--- Input ---
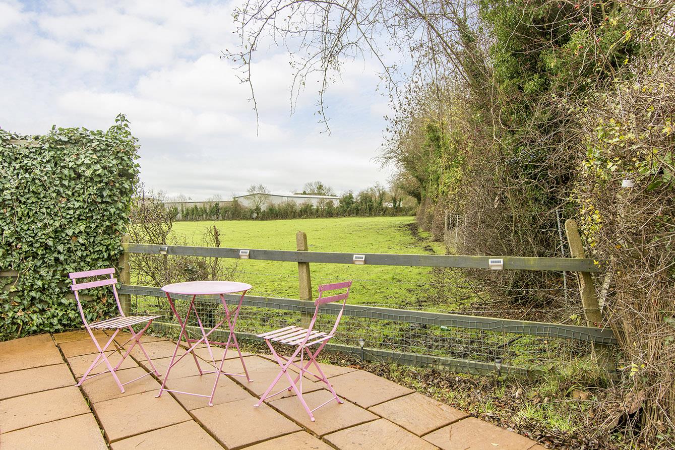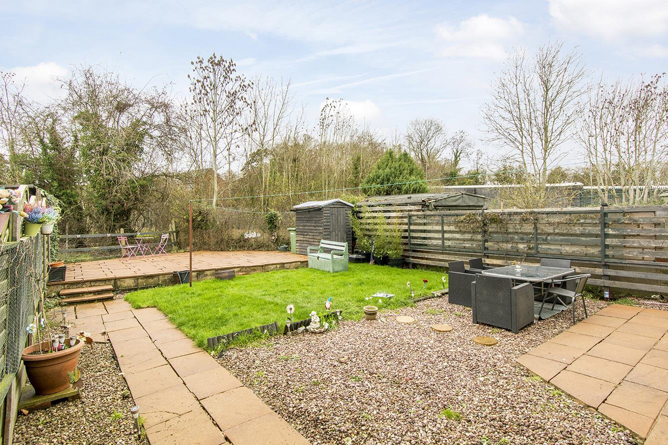 Rear Garden - Variety of paved pathway and patio areas. Lawned area. Backing onto an open field.
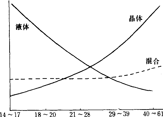 图4-35 智力的年龄变化曲线 老年人的智力并非全部减退 从智力的定义或内涵可知,智力是综合的心理特征,由很多因素构成。不少学者采用纵向研究法认为,从智力发展角度看,智力即使到50~60岁也是稳定的,测验成绩并不下降;也有的认为随年龄增长,知识经验不断积累,创造性思维能力非但不下降,反而不断提高,智力不但不减,还会上升;还有人对智商相同的老年人和青年人进行了比较,发现在知识、理解、单词等言语性测验中,老年人比青年人强;但在书写、搭积木等限速的动作测验中,老年人的成绩不如青年人。后来有人把智力归纳成两类,即“晶体智力”和“液体智力”,前者指与文化、知识经验的积累等有关的后天获得的能力,如知识的广度、词汇的多少、判断力及理解力的高低等;后者是指与神经的生理功能有关、而与知识文化背景关系较小的能力,如近事记忆力、思维的敏捷度、注意力、反应速度及知觉的整合能力等。“晶体智力”随年龄的增长而提高,但“液体智力”随年龄的增长而减退,而“混合”曲线与年龄的增长几乎无关(图4—36)。
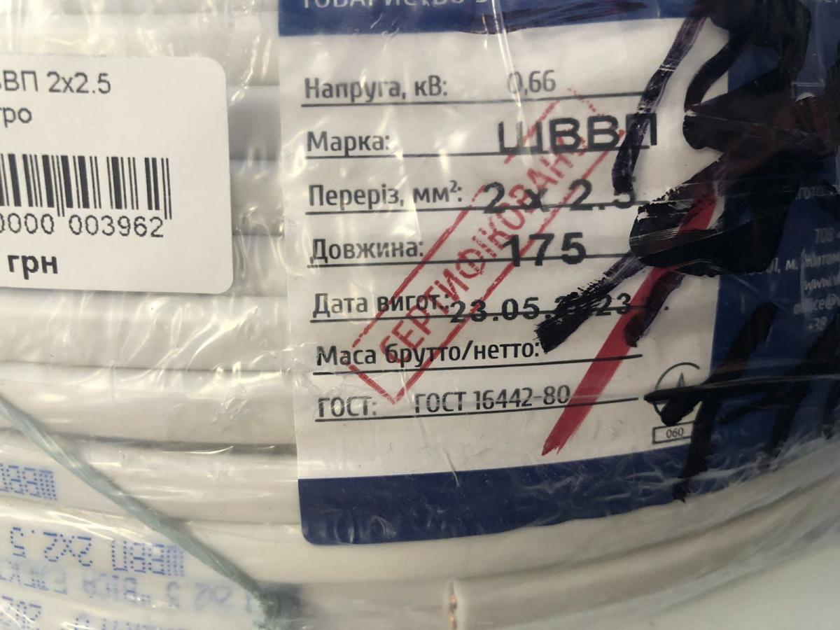 | Тип кабелю | ШВВП |
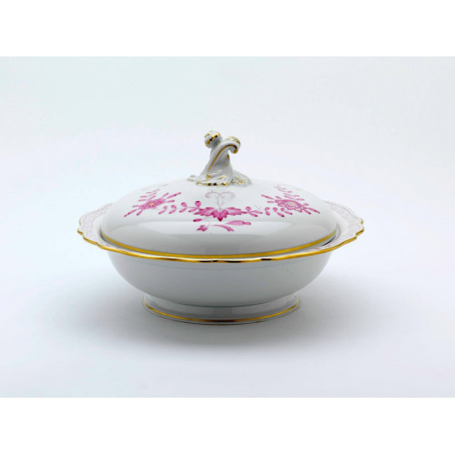Schüssel m.D., Form "Neuer Ausschnitt", Indische Malerei 2, mit Kante, purpur, Goldpunkte, Goldrand, V 1,00 l
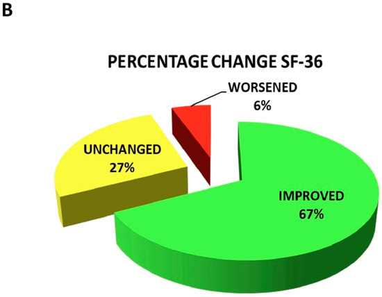 In terms of QOL SF-36, 67% of the patients improved, while 27% remained unchanged and only 6% worsened (Figure 6A,B, Table 4).
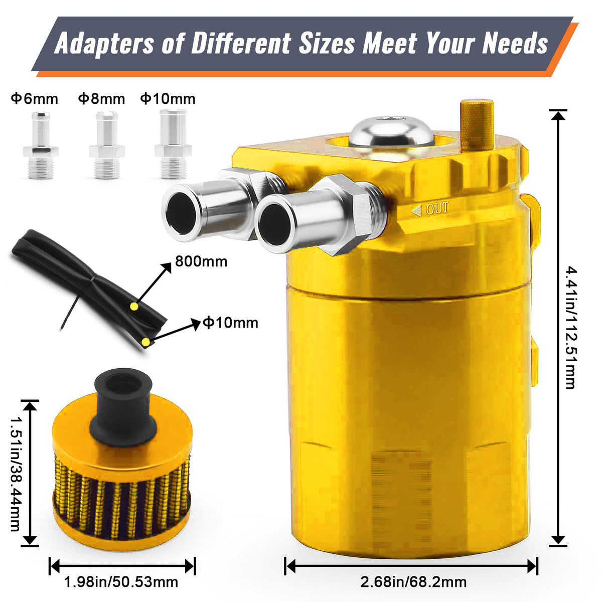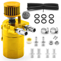 Muge Racing Universal Oil Catch Can Tank Kit Polish Baffled Reservoir With Breather Filter With 3/8'' Fuel Line, Aluminum, Gold,
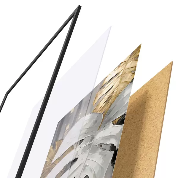 Plakatą sudaro rėmas, pleksiklas, atspausdintas vaizdas ir medžio drožlių plokštės pagrindas. Plakatą galima iš karto pakabinti ant sienos dėl kitoje pusėje esančių laikiklių.
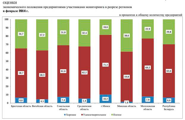 Так, в феврале 2014 года, по оценкам предприятий, экономическая конъюнктура в Беларуси продолжила ухудшаться. Неблагоприятной ее назвали более половины опрошенных – 57,6%. Для сравнения – в январе аналогичный показатель составлял 52,1%.
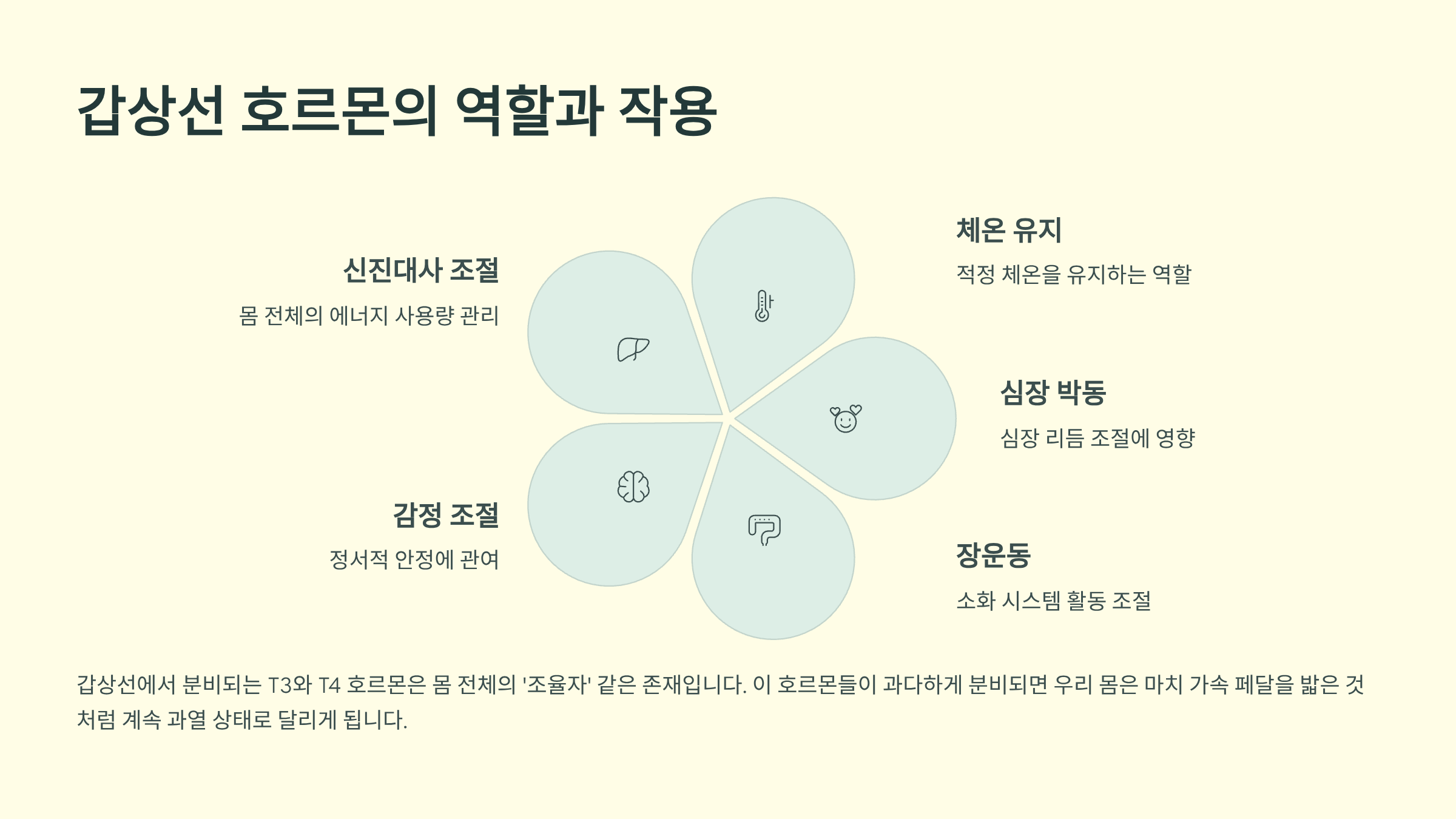갑상선에서 분비되는 T3와 T4 호르몬은 단순한 신진대사 조절을 넘어서 몸 전체의 에너지 사용량, 체온 유지, 심장 박동, 장운동, 감정 조절에까지 영향을 미치는 '조율자' 같은 존재예요. 이 호르몬들이 과다하게 분비되면 우리 몸은 마치 가속 페달을 밟은 것처럼 계속 과열 상태로 달리게 됩니다. 이로 인해 피로는 오히려 심해지고, 무기력한 에너지가 동반되죠. 결국, 갑상선의 리듬이 깨지면 몸 전체의 균형도 흔들릴 수밖에 없답니다.
---
● Required action
Nothing but the lines from the top of the data above through the line containing "Muge Racing Universal" should be output, exactly as written and without the pictures.

● Answer section
 Rear Garden - Variety of paved pathway and patio areas. Lawned area. Backing onto an open field.
 图4-35 智力的年龄变化曲线 老年人的智力并非全部减退 从智力的定义或内涵可知,智力是综合的心理特征,由很多因素构成。不少学者采用纵向研究法认为,从智力发展角度看,智力即使到50~60岁也是稳定的,测验成绩并不下降;也有的认为随年龄增长,知识经验不断积累,创造性思维能力非但不下降,反而不断提高,智力不但不减,还会上升;还有人对智商相同的老年人和青年人进行了比较,发现在知识、理解、单词等言语性测验中,老年人比青年人强;但在书写、搭积木等限速的动作测验中,老年人的成绩不如青年人。后来有人把智力归纳成两类,即“晶体智力”和“液体智力”,前者指与文化、知识经验的积累等有关的后天获得的能力,如知识的广度、词汇的多少、判断力及理解力的高低等;后者是指与神经的生理功能有关、而与知识文化背景关系较小的能力,如近事记忆力、思维的敏捷度、注意力、反应速度及知觉的整合能力等。“晶体智力”随年龄的增长而提高,但“液体智力”随年龄的增长而减退,而“混合”曲线与年龄的增长几乎无关(图4—36)。
 | Тип кабелю | ШВВП |
Schüssel m.D., Form "Neuer Ausschnitt", Indische Malerei 2, mit Kante, purpur, Goldpunkte, Goldrand, V 1,00 l
 In terms of QOL SF-36, 67% of the patients improved, while 27% remained unchanged and only 6% worsened (Figure 6A,B, Table 4).
 Muge Racing Universal Oil Catch Can Tank Kit Polish Baffled Reservoir With Breather Filter With 3/8'' Fuel Line, Aluminum, Gold,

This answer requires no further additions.